Oppo marketing isn’t shy about promoting the company’s proprietary fast-charging technology. With the multiple versions of Qualcomm’s Quick-Charge and USB Type-C already giving us all a headache, do we really another proprietary option? As it turns out… we might.

In my first few days owning the Oppo F1 Plus, I’ve been impressed by its charging capabilities. I could plug it in when virtually empty and have a full battery again in about an hour. What’s awesome about this kind of quick charging is that it changes the default behavior of plugging in a phone at night to charge while I’m asleep. Instead, I can leave it then plug it in when I wake up in the morning. By the time my kids are ready and out the house for school, the phone is fully charged.

To see how good it really is I had to compare it to some other chargers on the market. For the comparison I have the Moto X Style/Pure with its awesome TurboPower 25 charger, the Galaxy S7 Edge with its adaptive fast-charging power adapter, the Huawei P9 with its 10W (5V/2A) adapter and the Oppo F1 Plus with the VOOC charger and bespoke cable.

For the all important specs, here are the figures you need to know:

Galaxy S7 Edge

  • Battery capacity – 3600mAh
  • Adaptive fast-charging adapter – either 9V/1.57A or 5V/2A (15 or 10W) output

Huawei P9

  • Battery capacity – 3000mAh
  • Switching power adapter – 5V/2A (10W) output

Moto X Style

  • Battery capacity – 3000mAh
  • TurboPower 25 Charger – either 9V/2.85A or 12V/2.1A (26/25W) output

Oppo F1 Plus

  • Battery capacity – 2850mAh
  • VOOC Charger – 5V/4A (20W) output

From looking at all the specifications alone, it’s clear the Oppo F1 Plus should be competing for top spot with the Moto X Style. Having 150mAh lower capacity will certainly help, but so should the VOOC charging technology itself. While most types of Quick-Charging get from 0-80% really quickly and then charge a little slower from 80-100%, VOOC can do a longer first stint of charging.

What’s more, it’s not affected by the phone being used anywhere near as much. That means, it’ll continue to charge quickly, even if you’re watching a video or gaming while the device is plugged in and it won’t get overly hot.

To test the charging speeds, and to test Oppo’s claims that it charges quickly even when the phone is being used, I drained all four devices below my own personal point of anxiety: The dreaded 15%. They weren’t all at exactly the same level, but I gave three phones a slight head start on the Oppo. I then lined up YouTube Playlists on all of them, plugged them in and streamed the video for 40mins non-stop.
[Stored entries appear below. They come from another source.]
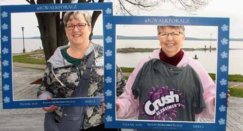 Suzanne Roy’s t-shirt says it all. Roy, at right, travelled from Elk Lake to take part in the Walk for Alzheimer’s, and was thinking of her husband who has the …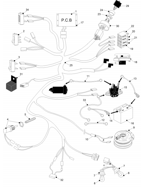 Zeichnung von Westwood S & T-Serie BJ. 2004 + 2005 Kabelbaum Bj. 2004 + 2005: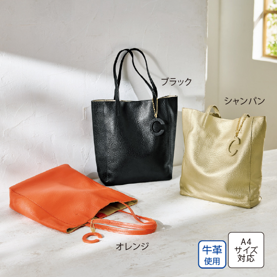 ●素材:牛革、裏地=ポリエステル、持ち手=牛革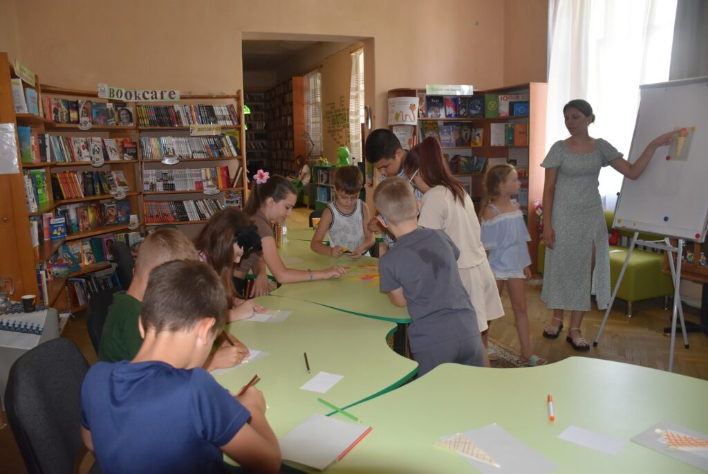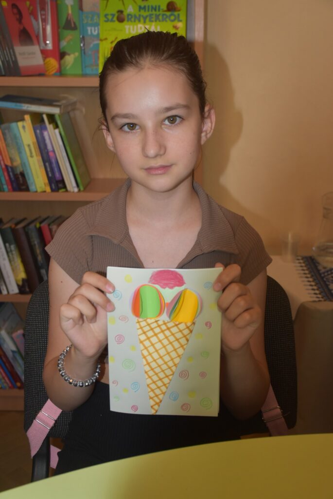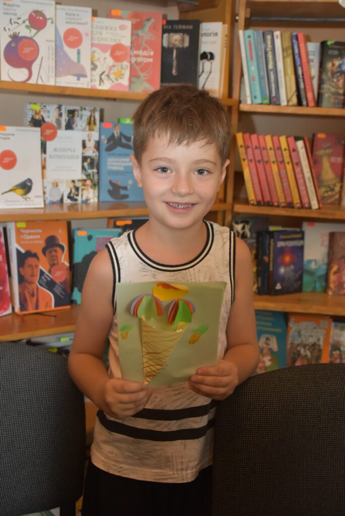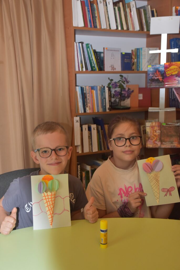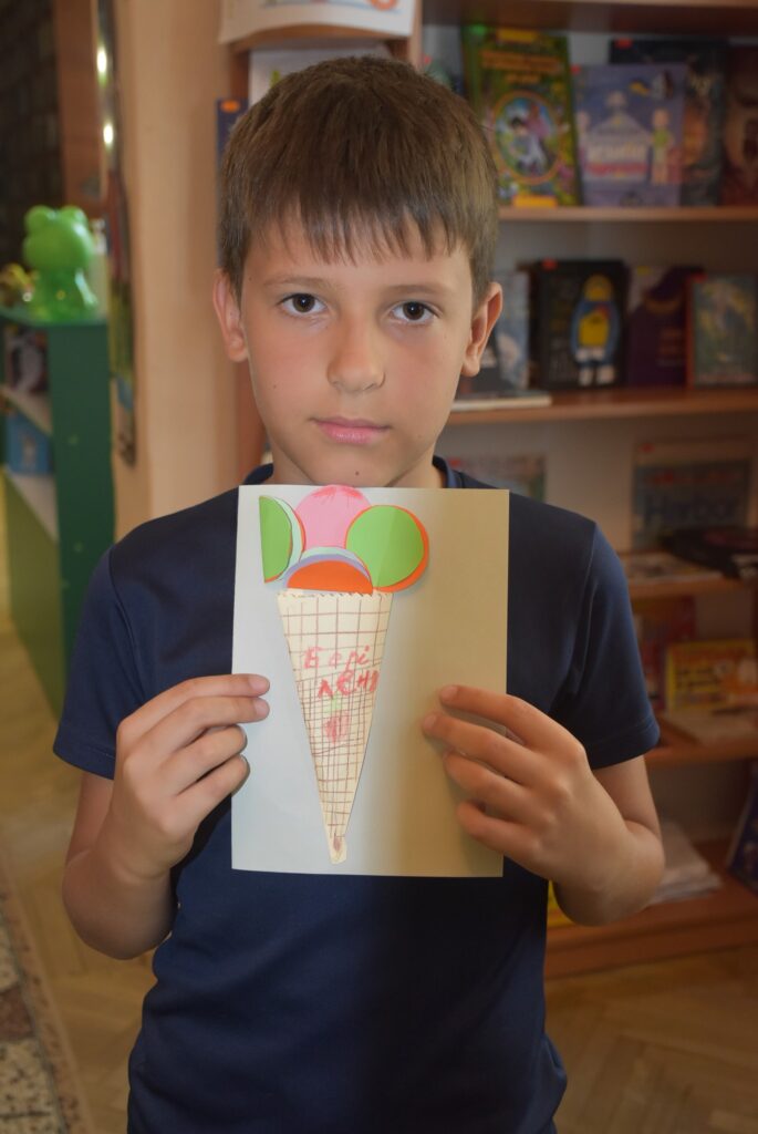Наступним етапом став майстер-клас із виготовлення об’ємної фігури морозива з рецептом – кожна дитина створила свою унікальну апетитну порцію з кольорового паперу, додаючи до неї власну “родзинку”.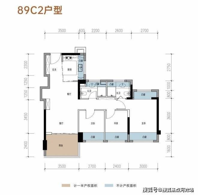建面约89㎡3房2卫

Using Ampere, a free Android app, I could see battery level and temperature. The results after 40 mins charging while watching video simultaneously were as follows:

Galaxy S7 Edge

  • Battery started at 12% with a temperature of 22℃
  • Battery after 40mins was 30%, with a temperature of 27.6℃
  • Approximate gain of 648mAh (18%) and 5.6℃

Huawei P9 

  • Battery started at 14% with a temperature of 21℃
  • Battery after 40mins was 33% , with a temperature of 33℃
  • Approximate gain of 570mAh (19%) and 12℃

Moto X Style

  • Battery started at 13% with a temperature of 25.5℃
  • Battery after 40mins was 74% , with a temperature of 41.7℃
  • Approximate gain of 1964mAh (61%) and 16.2℃

Oppo F1 Plus 

  • Battery started at 10% with a temperature of 21.7℃
  • Battery after 40mins was 88%, with a temperature of 31.5℃
  • Approximate gain of 2223mAh (78%) and 9.8℃

In the end, not only did the Oppo F1 Plus get charged to a much higher percentage level than any of the other phones, it did so without gaining too much heat. Its internal temperature rose by less than 10 percent. The only phone that ran cooler during the charging process was the S7 Edge, which charged to a much lower level and about 1/3rd of the capacity.

What I did notice at random intervals during the testing process, was that the Motorola’s super powerful charger was really good for the first 20-30mins. But in that final 10 mins, as the phone got noticeably warmer and its charge rate dropped, while the Oppo F1 Plus continued at its fast pace and overtook it quite comfortably. Had I gone another 10 mins, I’m fairly sure the Oppo would have hit 100% (or been very close to it).

On initial testing then, it seems the VOOC charging tech is the real deal. It doesn’t just charge quickly when the phone is off and sat on a bedside table, it charges quickly when in use too.

Given the fact that the Type C standard charger in the Nexus 6P’s retail box is a 5V/3A 15W adapter, and that Quick Charge 3.0 devices like the LG G5 and HTC 10 have 16W and 15W chargers respectively, we’re hard pushed to believe that there’s anything much better out there right now in terms of fast charging capability, particularly during use.

The Oppo F1 Plus is available to pre-order in India now, and will be available on Amazon in the UK very soon.